§ WORK INSTRUCTION:
Copying rule for the data below: take the line containing "A maradék sajtot" and every line after it to the end, exactly, and drop all pictures.
START RECORDED DATA
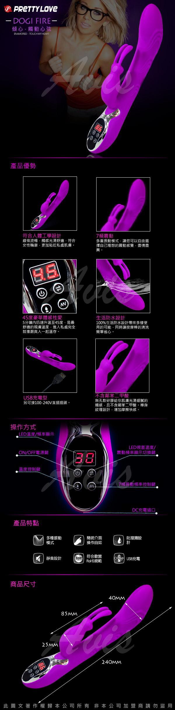 .主商品:DIGI FIRE 火辣勁情 7頻 45℃溫熱系 可充電按摩棒
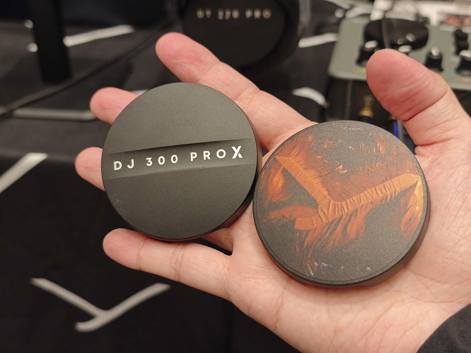 DJ300 PRO X从名字上来看就知道是DJ用途的头戴式耳机,实际听感上,低频却相对较少,中高频的透明度非常好,人声有着很强的穿透力但刺激性却并不高。除了DJ专业用户之外,DJ300 PRO X对于耳机发烧友而言,适合那些注重密度声音密度和线条感的人声爱好者和器乐爱好者,在体现音色的质感方面比较擅长。此外,DJ300 PRO X的元内外均可拆卸更换:内侧的耳罩提供了大小两个版本,小的是压耳式,大的通过在外围增加了一圈宽厚的海绵来实现了包耳式佩戴,用户可以自由选择;而单元外侧的面盖同样是可以拆换的,除了比较“严肃”的黑底白字面盖之外,现场还提供了一个图案比较炫酷的面盖可供更换,不知道后续能否自行定制。
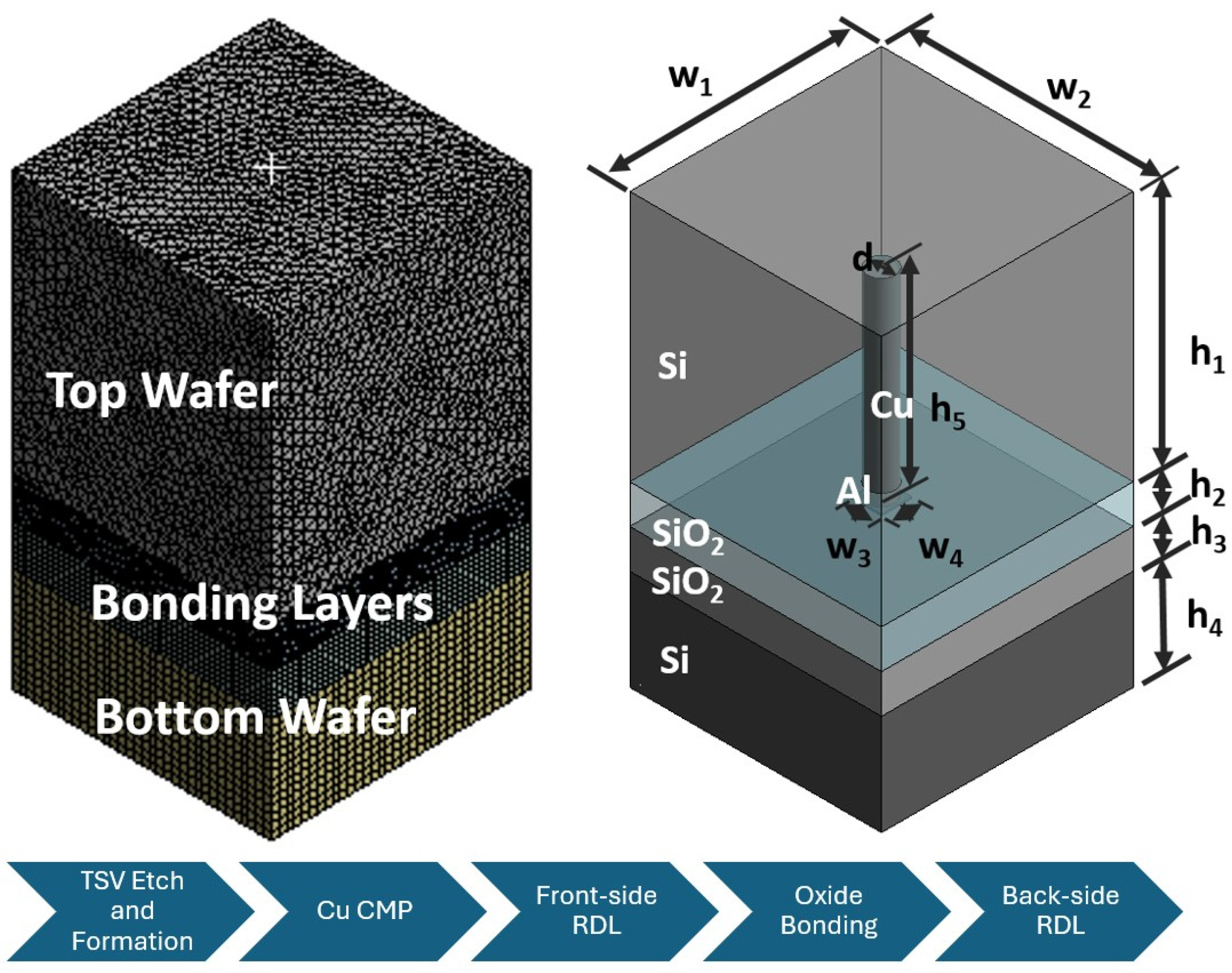 Table 1 illustrate the process flow and device dimensions used in the 3D oxide-bonded stacking structure with TSV interconnects, as simulated in this study [
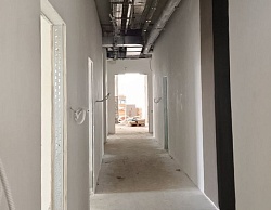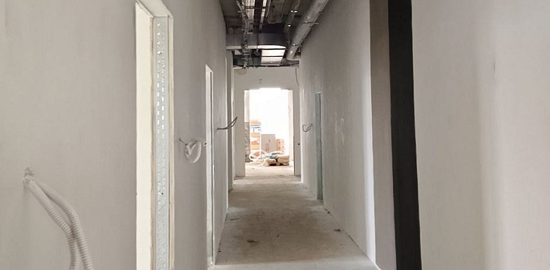 Сейчас в здании ведутся отделочные работы, шпатлевка и окраска стен, облицовка плиткой.
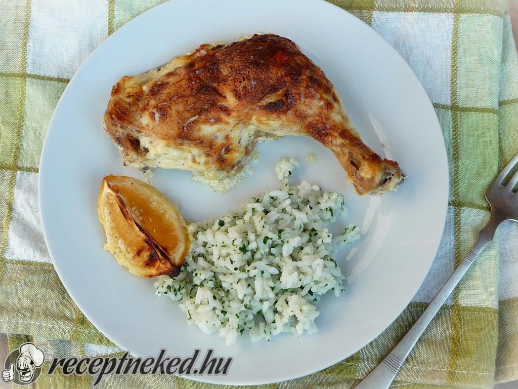 A maradék sajtot elkeverjük a tejföllel és a csirkecombokra halmozzuk. Annyi időre tesszük vissza a sütőbe, amíg a hús szépen meg nem pirul, ez kb 20-30 perc.
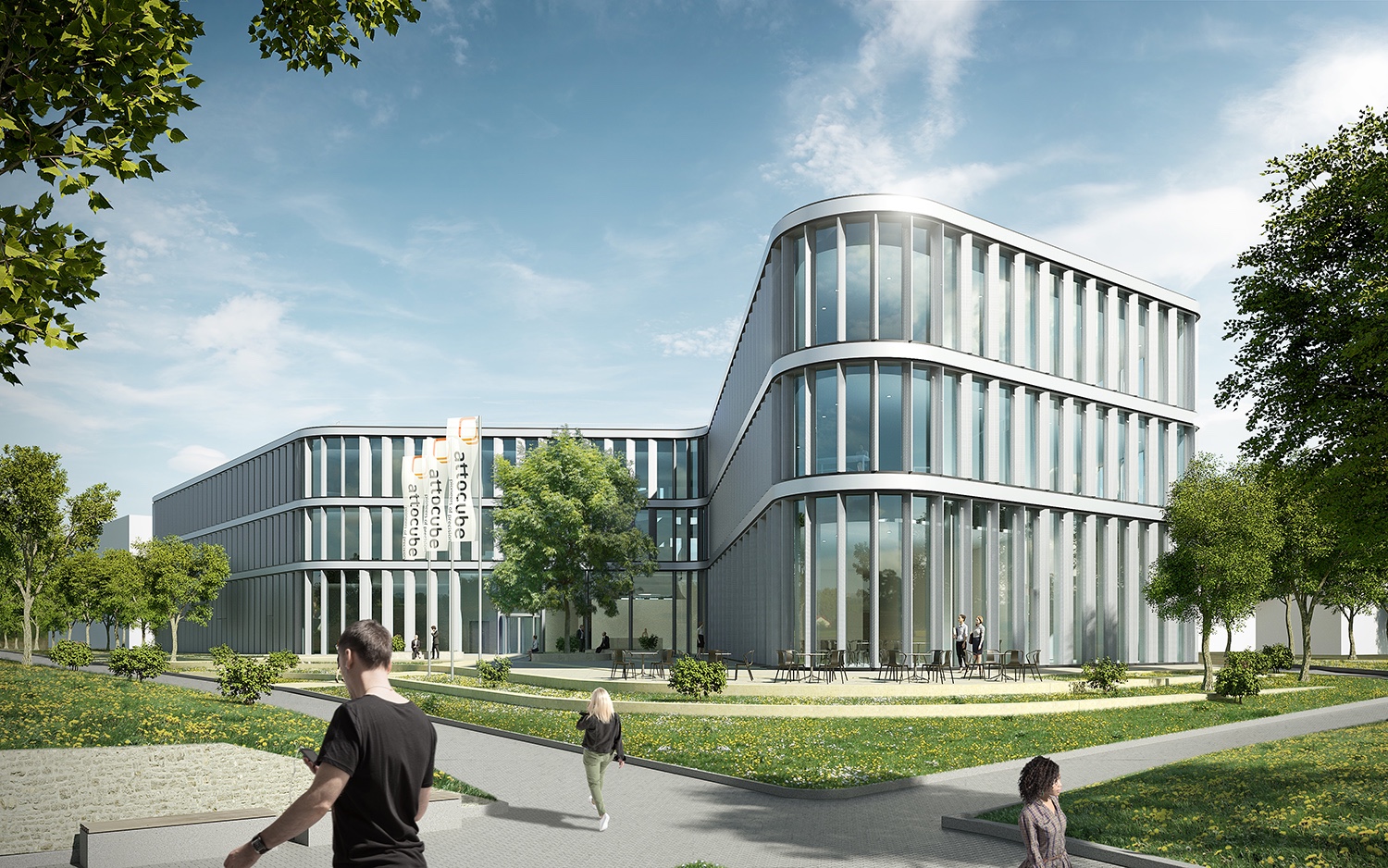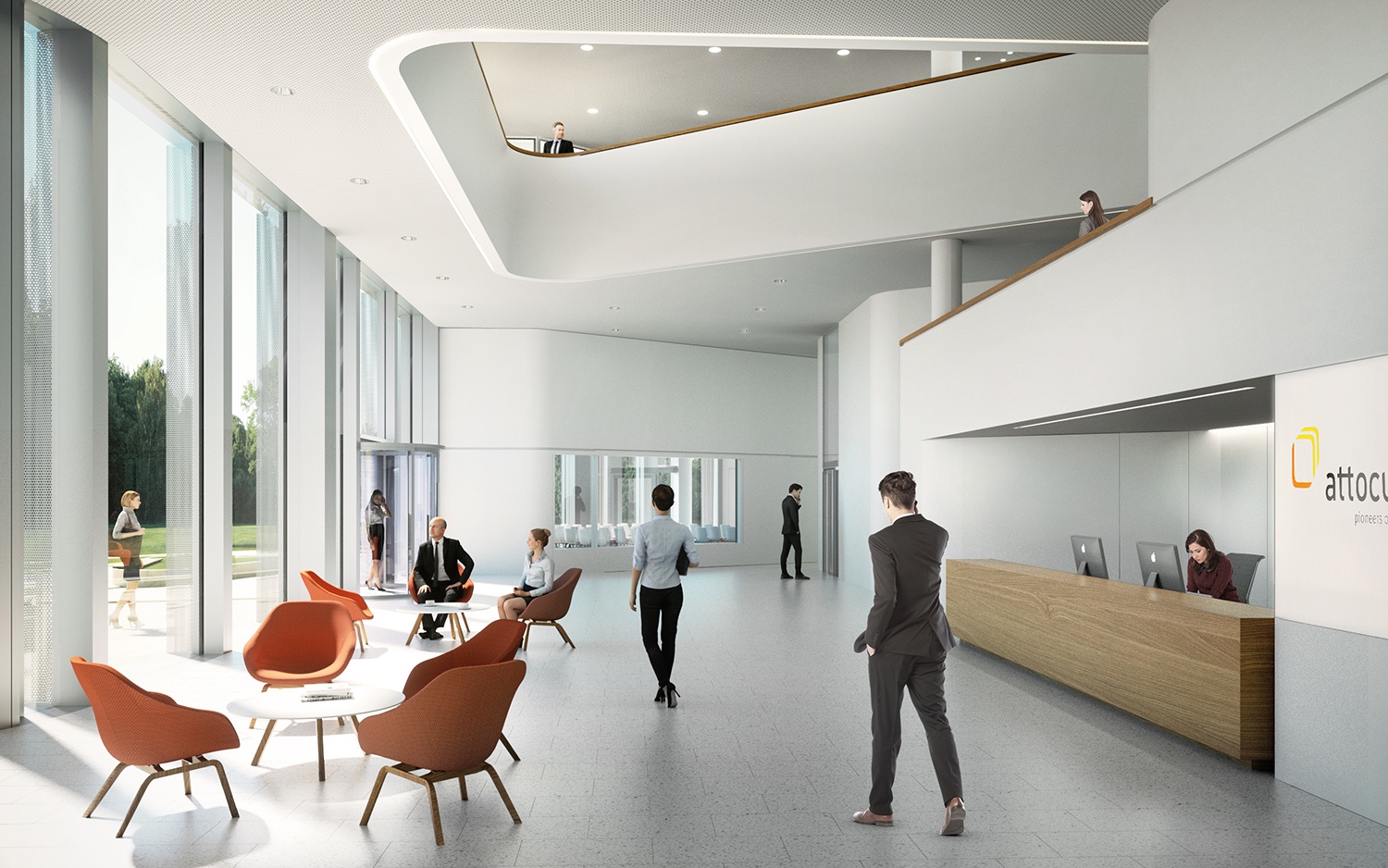 Rund 20 Millionen Euro investiert die Unternehmensgruppe in den neuen Firmensitz der attocube systems AG; umgesetzt wird der architektonisch anspruchsvolle Neubau auf dem 5.720 m² großen Grundstück durch die ebenfalls in München ansässigen HENN Architekten. „Das neue Gebäude bietet die Chance, es nach unseren Bedürfnissen zu gestalten, bisherige Arbeitsweisen neu zu definieren und damit einen Ort zu schaffen, der attocube repräsentiert und mit dem sich jeder Mitarbeiter identifizieren kann“, so Vorstand Dr. Martin Zech.
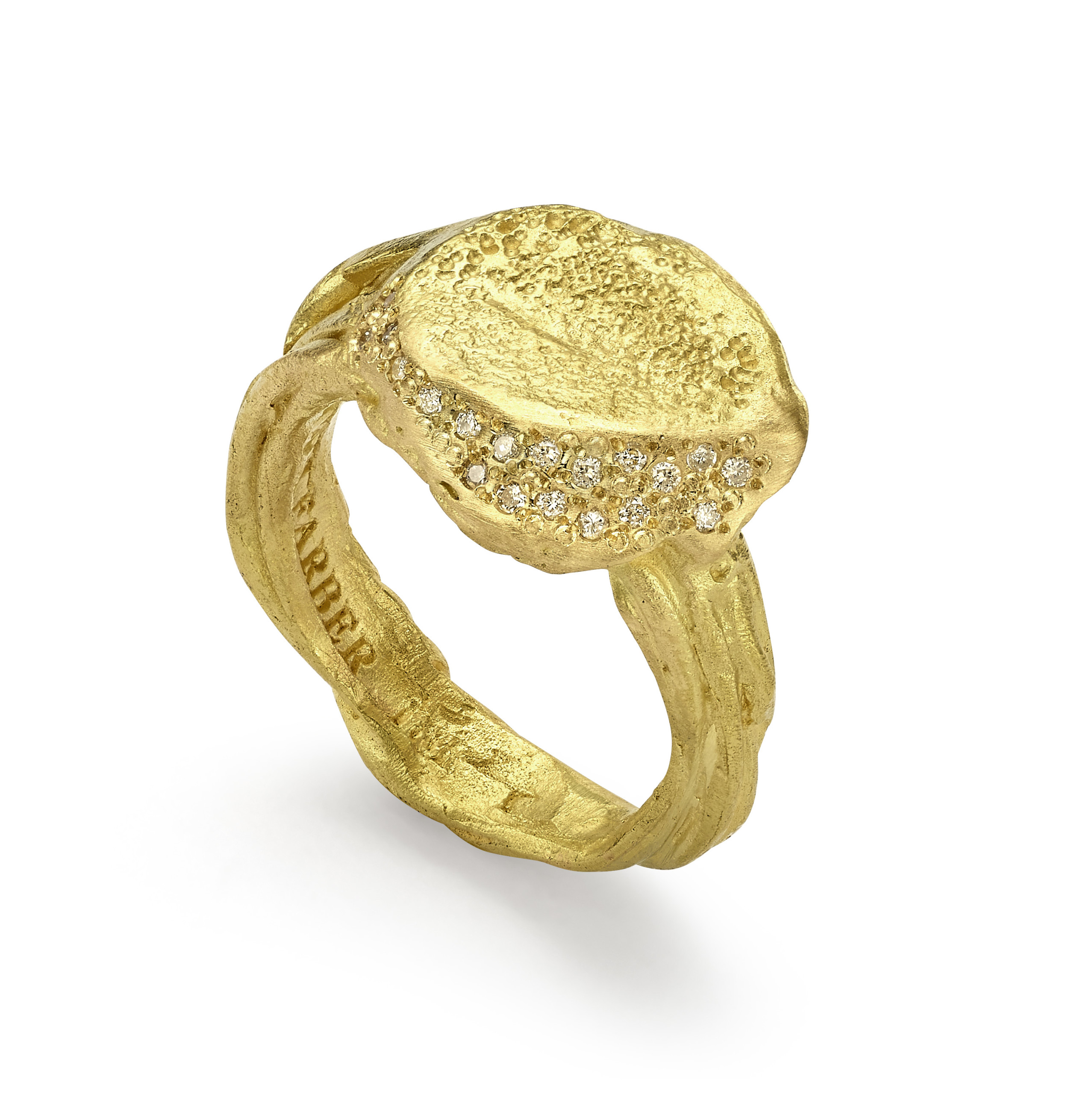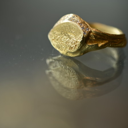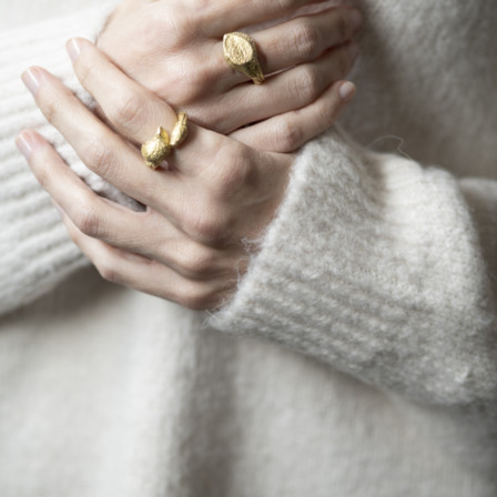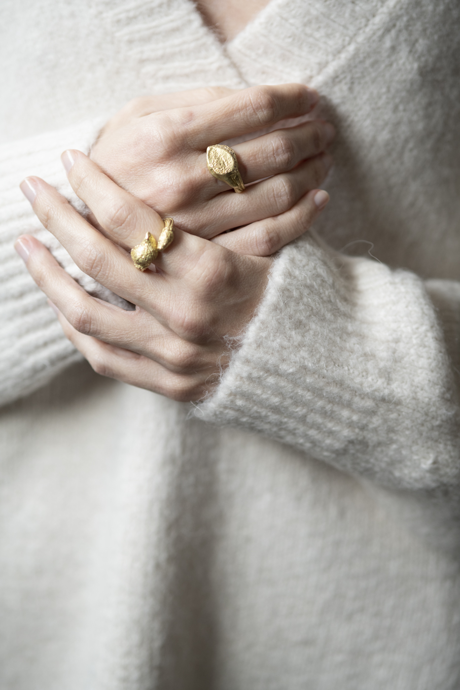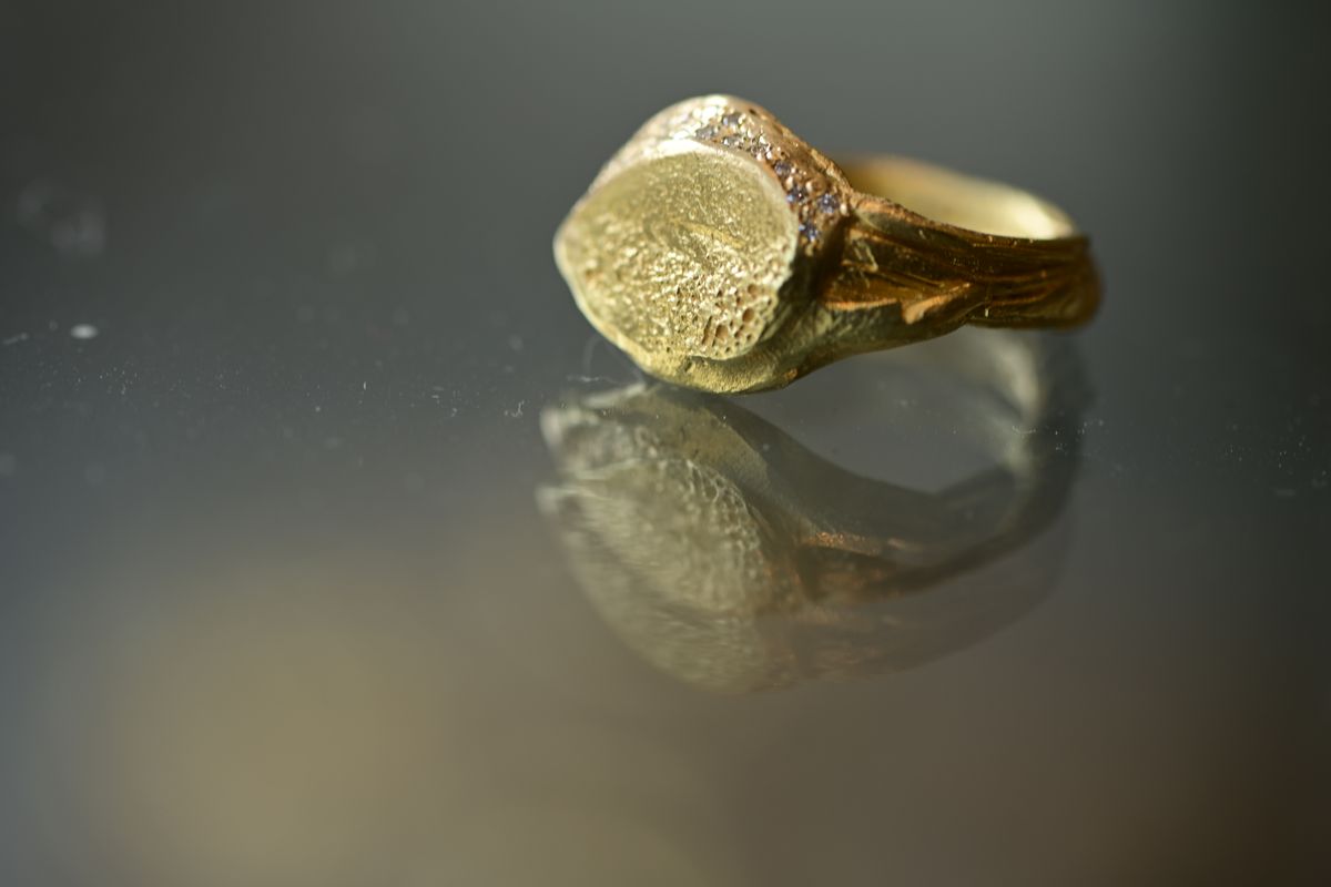 טבעת זהב 18 קראט מלופפת עם צדף מחוספס
END RECORDED DATA
§ RESPONSE TO THE TASK:
 A maradék sajtot elkeverjük a tejföllel és a csirkecombokra halmozzuk. Annyi időre tesszük vissza a sütőbe, amíg a hús szépen meg nem pirul, ez kb 20-30 perc.
 Rund 20 Millionen Euro investiert die Unternehmensgruppe in den neuen Firmensitz der attocube systems AG; umgesetzt wird der architektonisch anspruchsvolle Neubau auf dem 5.720 m² großen Grundstück durch die ebenfalls in München ansässigen HENN Architekten. „Das neue Gebäude bietet die Chance, es nach unseren Bedürfnissen zu gestalten, bisherige Arbeitsweisen neu zu definieren und damit einen Ort zu schaffen, der attocube repräsentiert und mit dem sich jeder Mitarbeiter identifizieren kann“, so Vorstand Dr. Martin Zech.
 טבעת זהב 18 קראט מלופפת עם צדף מחוספס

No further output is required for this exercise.